The dataset includes:

- **Company Name:** The organization that issued the layoffs.
- **Location:** The city or country where the layoffs occurred.
- **Industry:** The sector in which the company operates.
- **Number of Employees Laid Off:** The total number of employees affected.
- **Percentage of Workforce Laid Off:** The proportion of the company’s workforce impacted.
- **Date of Layoffs:** The specific date of the layoff event.
- **Funding Raised (in Millions):** The total financial backing the company has received.

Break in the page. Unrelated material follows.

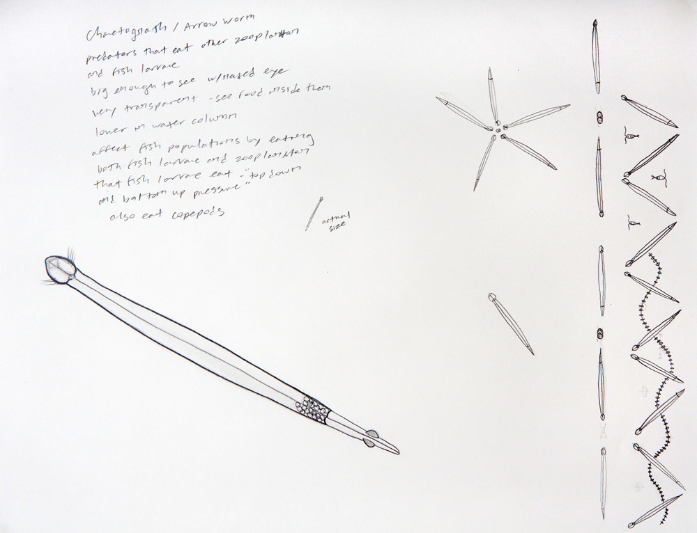 Graphite Chaetognaths or arrow worms are predatory zooplankton that eat copepods and other smaller zooplankton and also fish larvae. They are large enough to be seen by the naked eye, but they are still very small and very transparent. I got to actually see live copepods and chaetognaths in the microscope thanks to biologist Carin Ashjian! Leave a Reply Cancel Reply Your email address will not be published. Name* Email* Website Comment Notify me of follow-up comments by email. Notify me of new posts by email.

## **Data Cleaning Steps**

### **1. Removing Duplicates**

- Used row numbering and partitioning techniques to identify duplicate records.
- Applied filtering strategies to eliminate redundant duplicate rows while retaining one accurate entry.

**SQL Query:**

```sql
DELETE FROM layoffs_staging
WHERE id NOT IN (
SELECT MIN(id) FROM layoffs_staging
GROUP BY company, location, industry, total_laid_off, percentage_laid_off, date, stage, country, funds_raised_millions
);
```

### **2. Standardizing Data**

- Trimmed extra spaces in company names and locations.
- Unified industry categories for consistency (e.g., combining “Crypto” and “Cryptocurrency” into one category).
- Standardized country names by removing unnecessary punctuation (e.g., “United States.” → “United States”).

**SQL Query:**

```sql
-- Trim spaces from company names
UPDATE layoffs_staging
SET company = TRIM(company);

-- Standardize industry names
UPDATE layoffs_staging
SET industry = 'Crypto'
WHERE industry IN ('Cryptocurrency', 'crypto', 'CryptoCurrency');

-- Remove trailing periods from country names
UPDATE layoffs_staging
SET country = TRIM(TRAILING '.' FROM country);
```

### **3. Handling Missing Values**

- Identified missing values in critical fields such as industry and layoff counts.
- Filled in missing industry data by referencing existing company records.
- Evaluated whether specific missing values should be removed based on their impact on data quality.

**SQL Query:**

```sql
-- Populate missing industry names using existing company records
UPDATE layoffs_staging t1
JOIN layoffs_staging t2 ON t1.company = t2.company AND t1.location = t2.location
SET t1.industry = t2.industry
WHERE t1.industry IS NULL AND t2.industry IS NOT NULL;
```

### **4. Changing Data Types**

- Converted the date column from text format to a proper **DATE** type to support time-based analysis.
- Ensured numerical columns were stored in appropriate **INTEGER** or **FLOAT** data types for accurate calculations.

**SQL Query:**

```sql
-- Convert date column from TEXT to DATE format
UPDATE layoffs_staging
SET date = STR_TO_DATE(date, '%m/%d/%Y');

-- Modify column type to store converted DATE values
ALTER TABLE layoffs_staging
MODIFY COLUMN date DATE;
```

## **SQL Scripts Used**

All data cleaning operations were performed using SQL queries, which are included in the `data_cleaning.sql` script. This script covers:

- Table creation and dataset import
- Duplicate removal logic
- Standardization queries
- Handling of missing values
- Data type conversions

## **Future Recommendations**

- **Exploratory Data Analysis (EDA):** Now that the data is clean, further analysis can help uncover trends in layoffs over time, across industries, and based on funding levels.
- **Visualization Dashboards:** Tools like **Tableau** or **Power BI** can be used to create interactive reports and visualizations.
- **Predictive Modeling:** Machine learning techniques could be applied to predict future layoffs based on industry trends and economic conditions.

## **Usage Instructions**

1. Run the `data_cleaning.sql` script in **MySQL Workbench** or any compatible database management tool.
2. Verify the cleaned dataset by executing:

```sql
SELECT * FROM layoffs_staging;
```

3. Use the cleaned data for further analysis, visualization, or reporting.

This project demonstrates how structured data cleaning can transform messy datasets into valuable assets for business insights and decision-making.